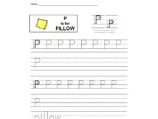 In this printing Pp practice worksheet, students view the animation showing the correct way to form the upper case P and lower case p, trace, and print the letters and the word pillow. Students form thirty letters.
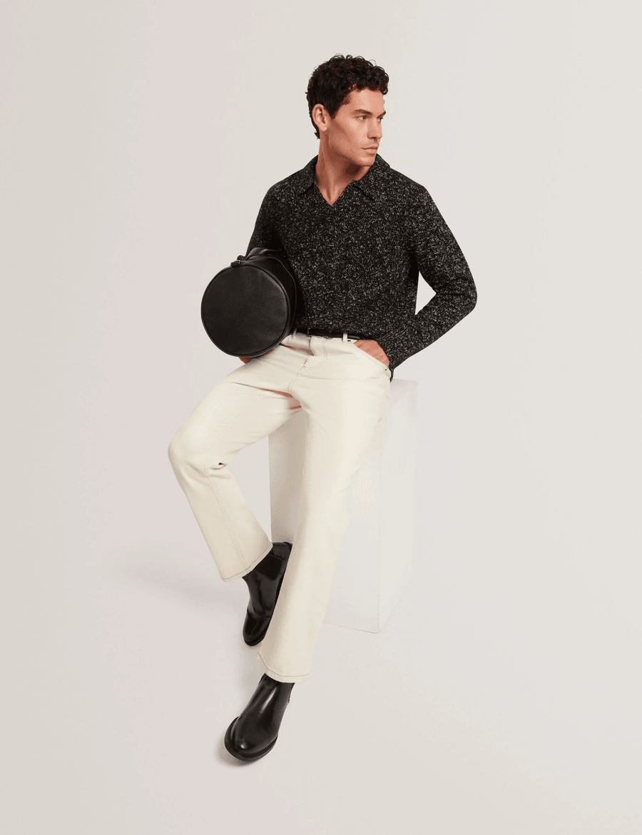 The Ted Baker BERRETO in black is not just a polo shirt; it’s a statement. Crafted with a unique melange two-tone knit, this shirt combines style and comfort seamlessly. The open neck collar offers a relaxed yet polished look, making it ideal for a variety of settings — from weekend brunches to casual office meetings.
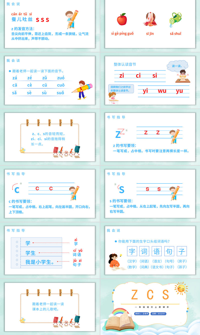 一年級(jí)語(yǔ)文上冊(cè)課件演講人:王老師日期:2022/07ZCS
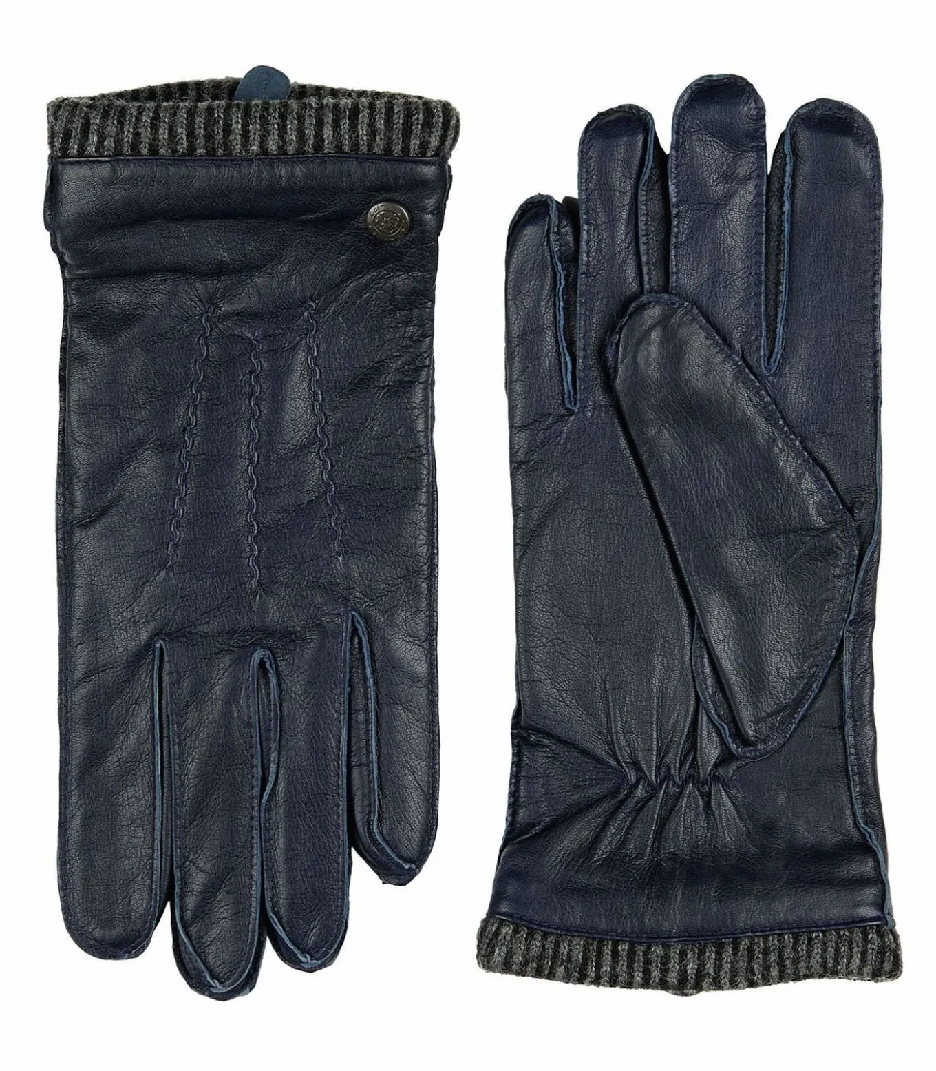 Gevoerde leren handschoenen heren met melange gebreide wollen manchet, model Thornbury. De Laimböck heren handschoenen zijn gevoerd met een zachte wolmix voering.

**What the task requires:** From the first line to the last, set down the data exactly, without the pictures.

**Solution:**
 In this printing Pp practice worksheet, students view the animation showing the correct way to form the upper case P and lower case p, trace, and print the letters and the word pillow. Students form thirty letters.
 The Ted Baker BERRETO in black is not just a polo shirt; it’s a statement. Crafted with a unique melange two-tone knit, this shirt combines style and comfort seamlessly. The open neck collar offers a relaxed yet polished look, making it ideal for a variety of settings — from weekend brunches to casual office meetings.
 一年級(jí)語(yǔ)文上冊(cè)課件演講人:王老師日期:2022/07ZCS
 Gevoerde leren handschoenen heren met melange gebreide wollen manchet, model Thornbury. De Laimböck heren handschoenen zijn gevoerd met een zachte wolmix voering.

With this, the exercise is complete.